A solução preconizada surge numa altura em que no plano interno estará a ser implementado o Ponto de Contacto Único Nacional (Single Point of Contact) que passa a funcionar sob a égide do Secretário-Geral do Sistema de Segurança Interna, abarcando o Gabinete Nacional SIRENE (GNS), o Gabinete Nacional Interpol (GNI), a Unidade Nacional Europol (UNE), Oficiais de Ligação, os Ampliar portadaCentros de Cooperação Policial e Aduaneira (CCPAs) e os Pontos de Contacto Prum (PcPrum), deixando a PJ de ter um papel de proeminência neste domínio. A questão do Ponto de Contacto Único Nacional e da sua dependência do Secretário-Geral do Sistema de Segurança Interna tem levantado bastante celeuma, com um inusitado esgrimir de argumentos, qualificado por José Brás e Teófilo Santiago (dois históricos da PJ)  como um assalto à Justiça, no âmbito de uma estratégia orquestrada de molde a permitir um controlo mais fácil por parte do poder político em relação a determinadas valências, tendo o presidente da ASFIC caraterizado a atitude da ministra da Justiça como um “nadismo paralisante”. O Sindicato dos Magistrados do Ministério Público também se juntou ao coro da indignação, afirmando a dado passo no seu comunicado que o cargo de Secretário-Geral do Sistema de Segurança Interna é político, com profunda ligação ao poder executivo e não tem natureza judicial ou policial, devendo ser evitada a confusão entre as matérias que devem estar na esfera da Justiça e da Segurança, por um lado, e do Judicial e do Executivo, por outro.

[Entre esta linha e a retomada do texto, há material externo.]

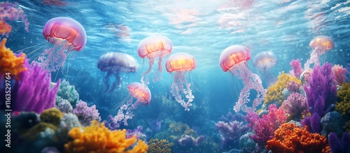 © achmad, Fototapeta premium Underwater Jellyfish and Coral Reef.

Como já referimos, esta decisão tem implicações a vários níveis, esperando-se que este seja um passo de muitos passos em direção a um sistema estruturado e ágil que afaste do horizonte os “interesses de confraria” a que já aludimos, os quais perante um caso concreto, são suscetíveis de gerar consequências bastante nefastas, pois constituem entraves à “mobilização, coordenação e cooperação de todas as estruturas nacionais com responsabilidade direta e indireta no domínio do combate à ameaça terrorista.

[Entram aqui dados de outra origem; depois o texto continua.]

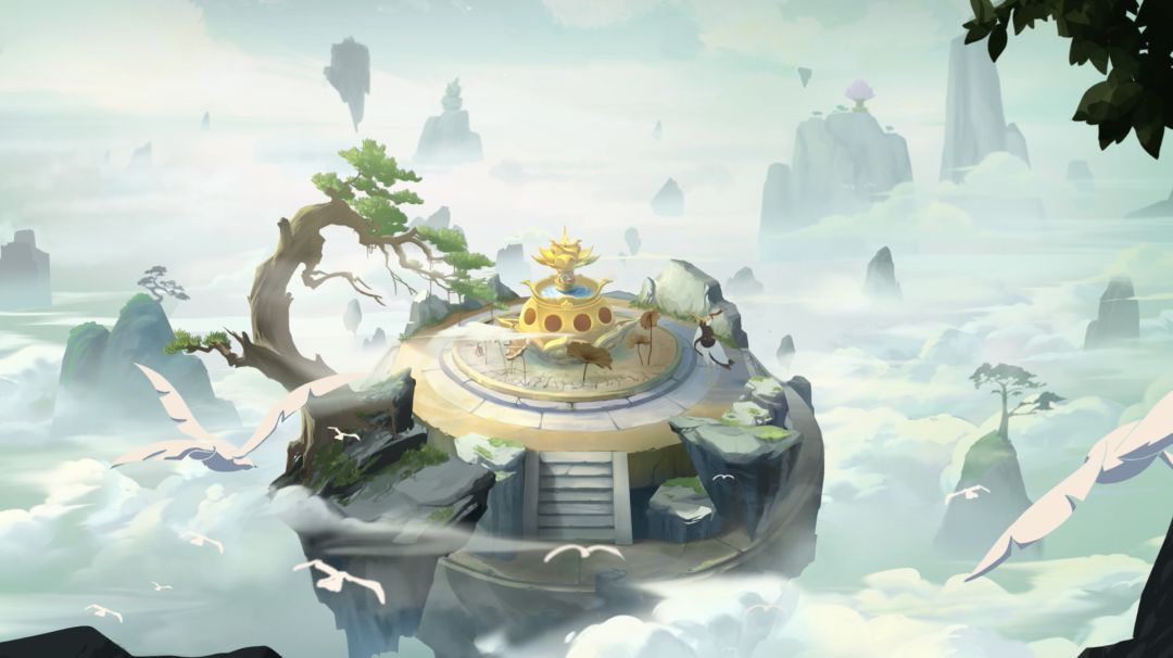 从游戏画面来看,上美影神话本身带有复古感,开心消除节借此将站内打造成焕然一新的仙庭世界,整体设计以展开的长卷卷轴为主体,卷轴本身高低绵延,卷轴上是错落的宫阙和仙山以及层层环绕的云海。楼宇和仙山分别是玩家需要闯关的关卡,根据IP存在的世界观进行设计。整体地图的美术风格是可爱的国潮风,楼体和山体材质更偏向潮玩的树脂质地,结构精炼,带来特别的视觉效果。

Não podemos negar que os tempos mudaram. As forças e serviços de segurança têm que prevenir e a reagir a um quadro de ameaças com contornos distintos daqueles que predominaram até há algum tempo atrás. Como tal, os meios (legais e tecnológicos) de que dispõem para lhes fazer face e o “modus faciendi, tanto em termos de prevenção, como de reação, têm de acompanhar esta evolução de forma constante, sob pena de caírem na inoperacionalidade e no descrédito perante os cidadãos e entre os seus pares.

Daí que seja inevitável as cedências (não a sua alienação) nalguns direitos (v.g. direito à privacidade) para que possamos viver de forma segura e tranquila, livres de ameaças ou agressões, como defende André Inácio num “regime de exceção” devidamente fiscalizado, sem cair nalguns extremismos a que nos pode conduzir o “Direito Penal do Inimigo“.

O extremismo poderá é surgir da não adoção atempada de algumas medidas.

Sousa dos Santos

_______________________

[1] TEIXEIRA, Nuno Severiano, Coord. Estudo para a Reforma do Modelo de Organização do Sistema de Segurança Interna, IPRI, Lisboa, 2006, p. 32.

[2] Artº 27º nº 1 da CRP.

[3] Artº 272º nº 1 da CRP.

[4] CANOTILHO, Gomes e MOREIRA, Vital, Constituição da República Portuguesa Anotada, 4ª Edição, Coimbra Editora, Coimbra, 2007, p. 485 s.

[5] Idem

[6] Idem

[7] BECK, Ulrich, Sociedade de Risco Mundial, Edições 70, Lisboa, 2015.

[8]  Que Futuro? Ciência, Tecnologia, Desenvolvimento e Ambiente; Gradiva, Lisboa, 2007, p. 406

 [9] JAKOBS, Günter e MELIÁ, Manuel Cancio, Derecho Penal del Inimigo, Cuadernos Civitas, Madrid 2009, e SERRA, Hélène Marine Fernandes, O Direito Penal do Inimigo: Reconfiguração do Estado de Direito?, Porto 2011.